Unlike China, India is lucky to be at the intersection of two significant trends—a young population that comprises our “demographic dividend”, and nearly three decades of experience at creating high-value jobs in IT.
But we’re coasting along on the fumes of the latter, which is already turning the former into a ticking time bomb. Millions of students entering and graduating from colleges are basing their outlooks on an increasingly outdated construct of jobs, careers and employers.
Today, more than a million engineers graduate every year, most with their eyes set on a career as a software engineer. Why? Because their parents saw India’s IT boom happening right in front of their eyes.
However, while India’s IT industry employs around 4 million people today, the number of engineers graduating every year is far more than the IT industry needs. In 2006-2007, India produced around 500,000 engineering graduates, according to figures from the All India Council for Technical Education (AICTE). By 2017, 1.5 million engineers were graduating annually, most of whom the IT industry simply had no room for. As a result, campus placements for graduates of AICTE-affiliated engineering colleges now hover around the 40% mark.
The advent of the IT industry changed the face of the middle-class India completely. By the early 2000s, an IT job was the default path to ‘safe’ employment for most-middle class Indians, in many cases even usurping the previous claimant of that throne, the hallowed government job.
But nearly two decades of growth has led to many myths and misconceptions that students often buy into.
All software jobs are similar
Similar opportunities to travel abroad, similar salaries, and job security.
This myth exists because students and professionals do not spend nearly as much time as they should to understand the business models of their potential employers.
Most IT companies make money through hardware and software, but the devil is in the details.
Some make money by building software, like Microsoft does with Office and Google does with Gmail. Others, like Intel and Samsung, focus on hardware, designing and manufacturing everything from microchips to smartphones. A third broad category of companies builds software that allows them to offer services at unprecedented scale. For example, Uber and Amazon.
These days, most large companies do all three to one degree or another.

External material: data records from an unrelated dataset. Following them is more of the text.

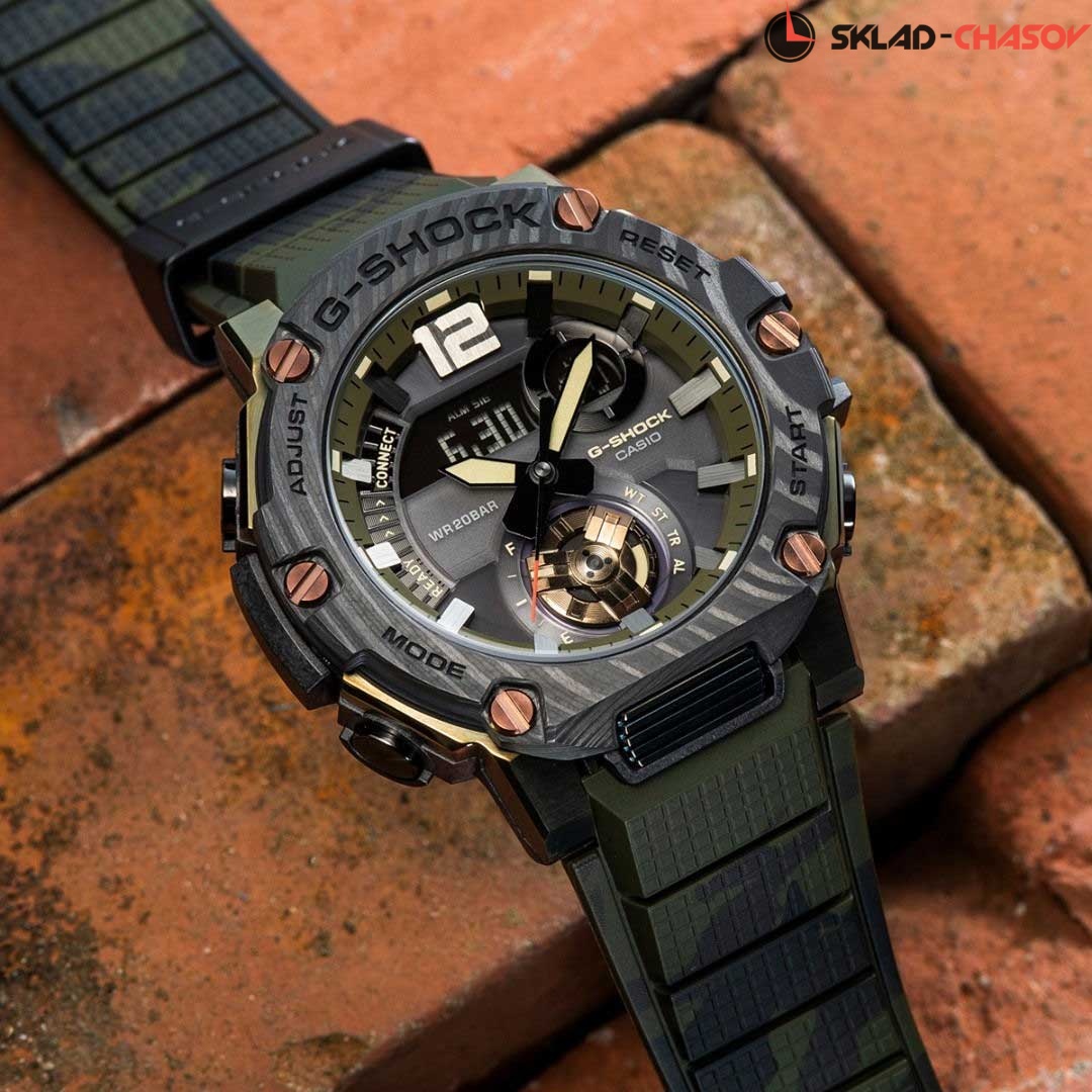 Новинка от Casio порадует вам своей прочностью и точностью. Время для новых приключений. G-Steel. Питание от солнечной энергии Tough Solar - солнечные батарейки большой мощности, индикатор заряда батареи. Функция автоматического сохранения энергии. Время работы аккумулятора без подзарядки приблизительно 6 месяцев, при включенной функции сохранения энергии приблизительно 19 месяцев. Противоударный корпус защищает механизм от ударов и вибрации. Ударопрочная конструкция Carbon Core Guard объединяет корпус и заднюю крышку в единый карбоновый моноблок. Двойная подcветка: лицо и циферблат подсвечиваются ярким светодиодом при недостаточном освещении, во время поворота запястья подсветка включается автоматически. Послесвечение. Необритовое светонакопительное покрытие обеспечивает длительное послесвечение в темноте даже после кратковременного нахождения на свету. 12-ти и 24-х часовой формат времени. Секундомер с точностью показаний 1/1000с (до 1ч) и 1/10с (после 1ч) и временем измерения 24ч. SPLIT-хронограф. Таймер обратного отсчета от 1сек до 24ч. Мировое время – 39 городов (39 часовых поясов), всемирное координированное время (UTC). Автоматический переход на зимнее и летнее время, возможность включения/отключения данной функции. Беспроводная технология Bluetooth® 4.0 со сверхнизким потреблением энергии для синхронизации со смартфоном. Автоматическое подключение к серверу времени через смартфон для корректировки текущего и настроек мирового времени. Типы сигналов: ежедневный, ежемесячный, каждый день определенного месяца, на определенную дату. Функции перемещения стрелок для беспрепятственного просмотра информации на дисплее, отключения/включения звука, поиска телефона. Карбоновый безель. Заводная головка с защитой. Водонепроницаемость в соответствии с ISO 2281. Ремешок с классической застежкой.
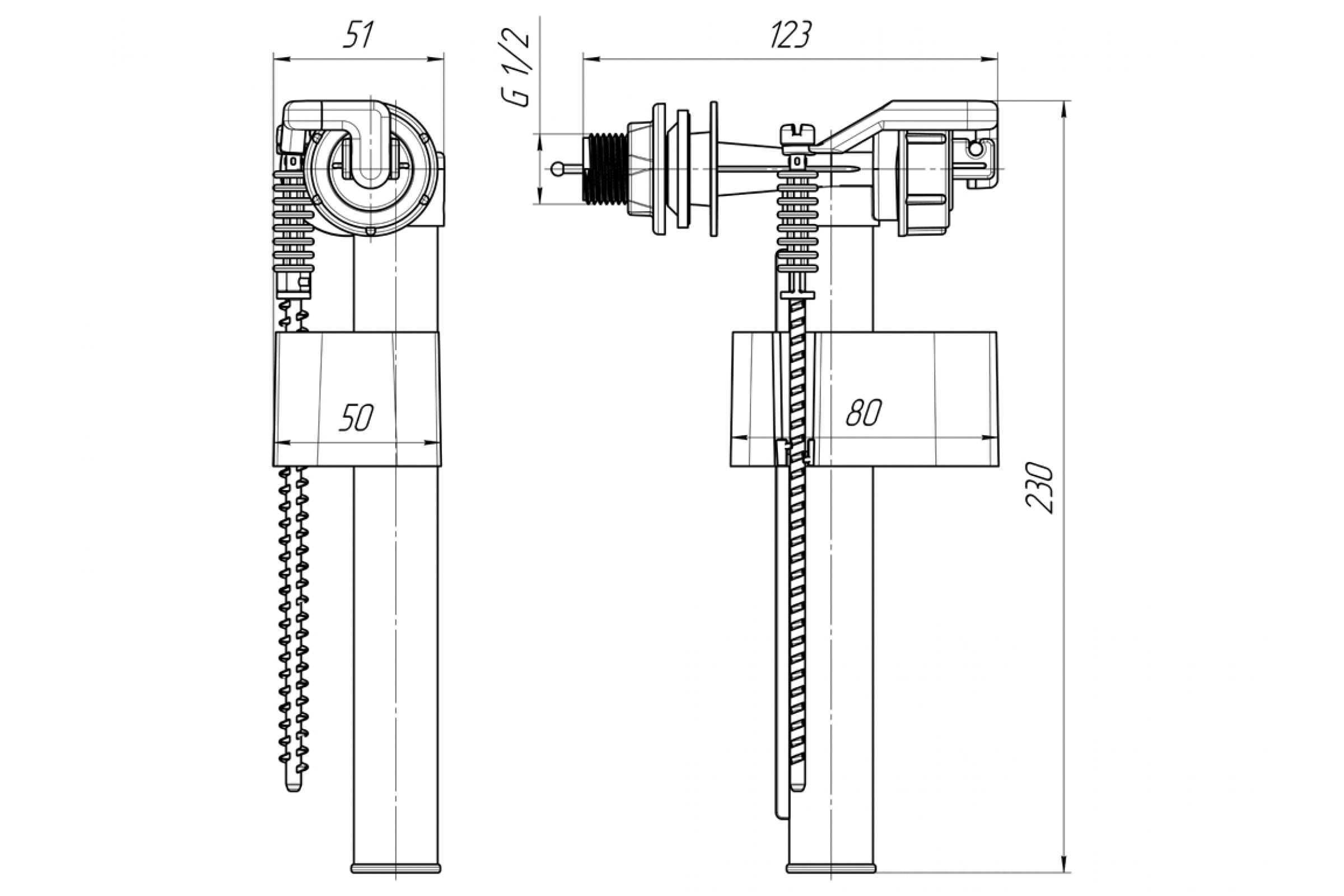 Наливной механизм бачка унитаза с боковой подводкой и пластиковой резьбой диаметром 1/2 эконом
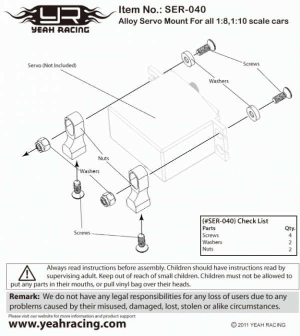 Yeah Racing SER-040BU Alloy Servo Mount For all 1:8,1:10 RC - универсальное крепление сервопривода.
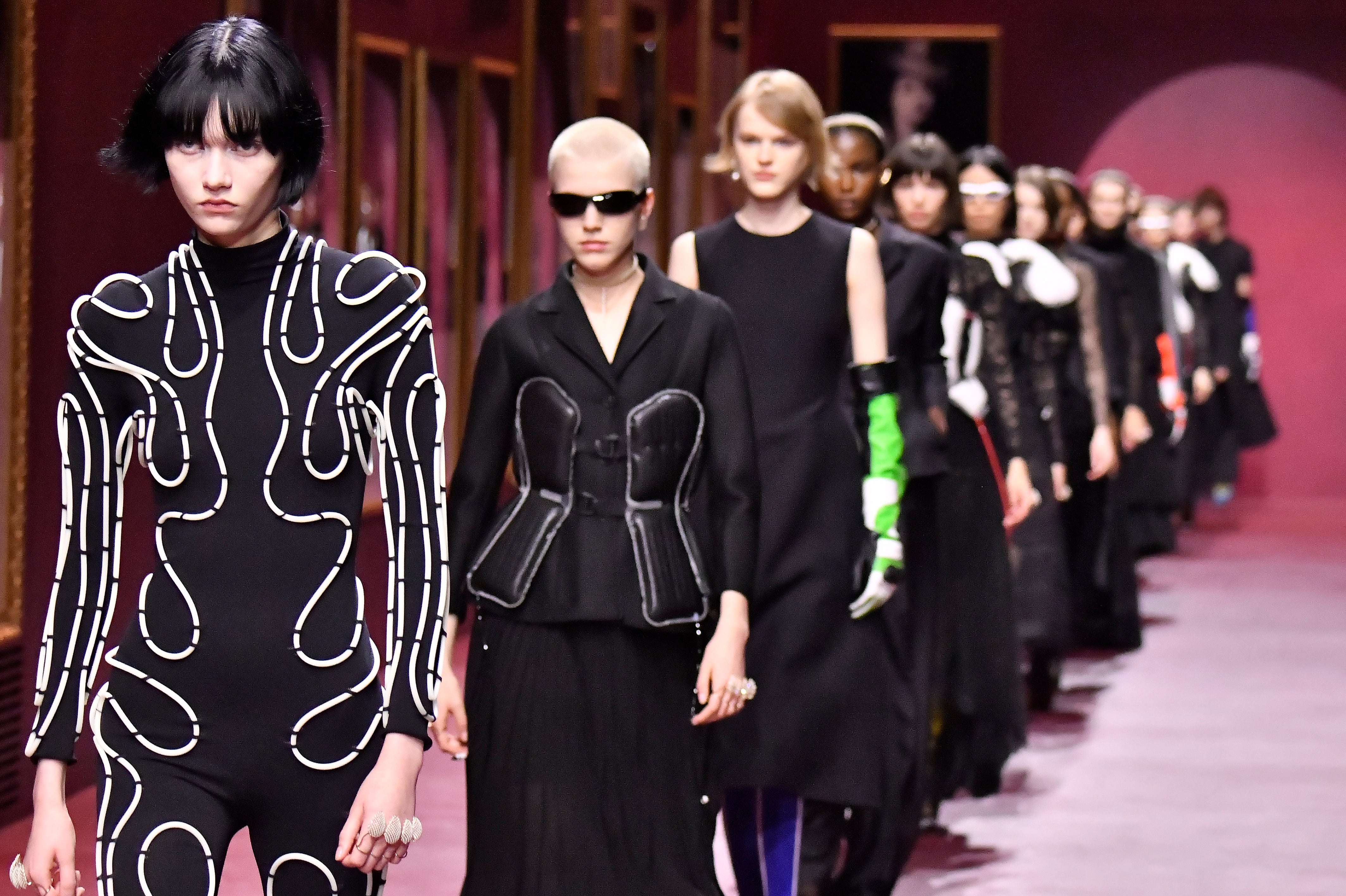 Das Modehaus Christian Dior hat am Dienstag bei den Pariser Prêt-à-Porter-Schauen seine Entwürfe für den kommenden Herbst und Winter präsentiert. Mit dem Titel "The Next Era" ("Die nächste Ära") zeigte Kreativdirektorin Maria Grazia Chiuri ein außergewöhnliches Zusammenspiel von Mode und Technologie. Eröffnet wurde die Show mit einem Neoprenanzug, der mit gelben und an Arterien erinnernde Schlangenlinien verziert war, die im Dunkeln leuchteten. Die ikonische Barjacke entwarf Chiuri diesmal als atmungsaktive und wärmeregulierende Funktionskleidung, für die sie mit dem italienischen Start-up-Unternehmen D-Air Lab zusammenarbeitete.
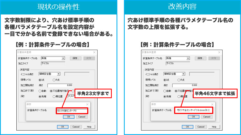 つきましては、下記の「CAD系改善項目候補」ならびに「CAM系改善項目候補」をご確認頂き、お客様がご要望される
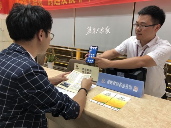△图为紫金保险工作人员正在向市民宣传手机申请道路救助基金。
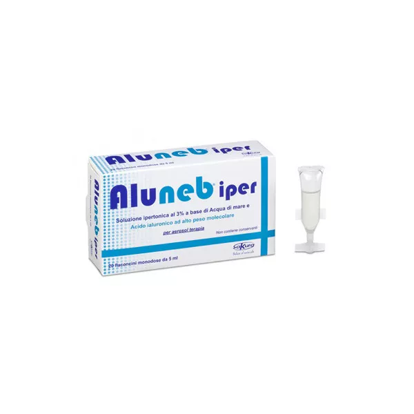 Aluneb iper è una soluzione salina ipertonica al 3% da nebulizzare mediante aerosol e doccia nasale, a base di acido ialuronico ad alto peso molecolare e xilitolo con azione decongestionante e fluidificante sulle mucose nasali.
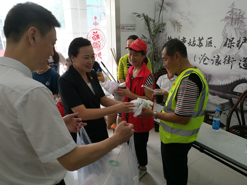 活动最后酒管系(三元宾馆)党总支将准备好的三十多份的毛巾、花露水等防暑用品和宾馆自制的冰镇柠檬酸梅汤一一送到现场参加劳动的党员志愿者们手中,向大家表示亲切慰问和感谢。金狮社区樊书记等工作人员和党员志愿者们感谢酒管系(三元宾馆)党总支的积极参与,还在炎炎夏日为他们送去清凉和问候,纷纷表示要将城市环境“百日行动”进行到底,还城市和居民洁净市容。
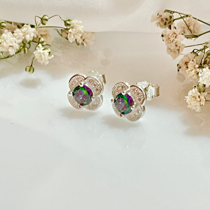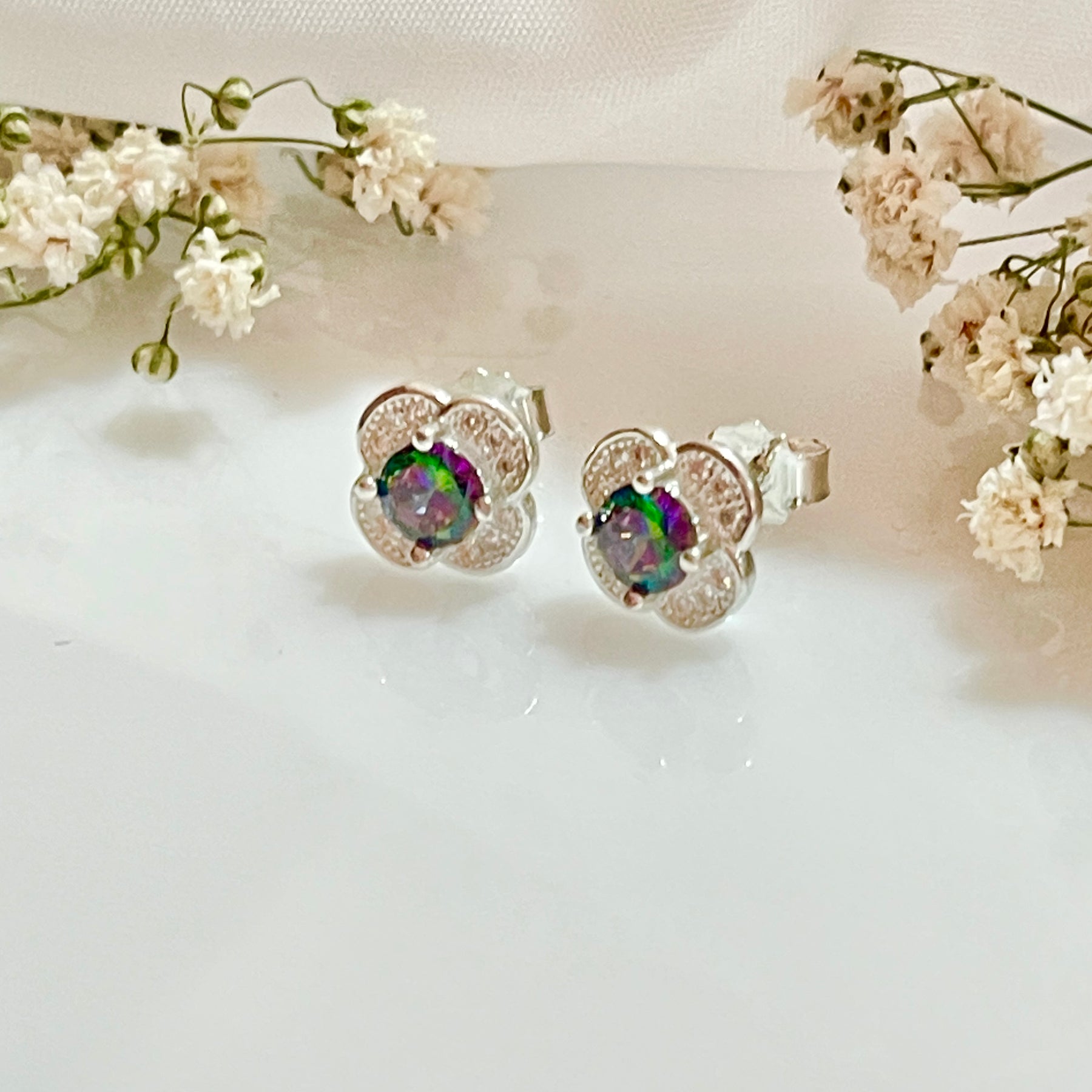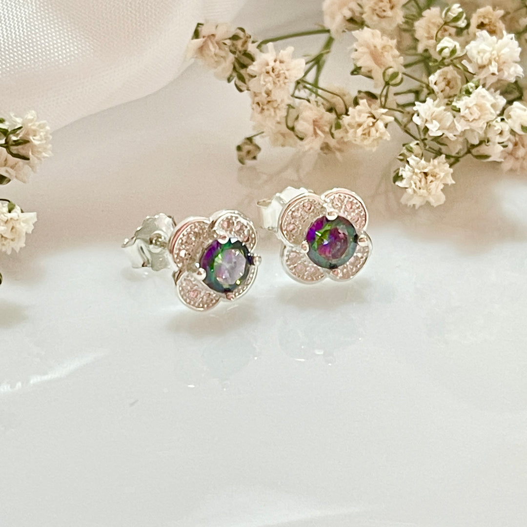 Aretes de Plata Flor Decorada Topacio Místico 7,5MM

Because the combination of hardware, software and services is what is typically called a product. And everything these days revolves around great products.
Great products generally help the people using them save time, money and effort; e-commerce products like Flipkart and Amazon let you buy things quickly and cheaply, ridesharing products like Ola and Uber simplify commuting while office productivity products like Word and Excel make writing and accounting easier.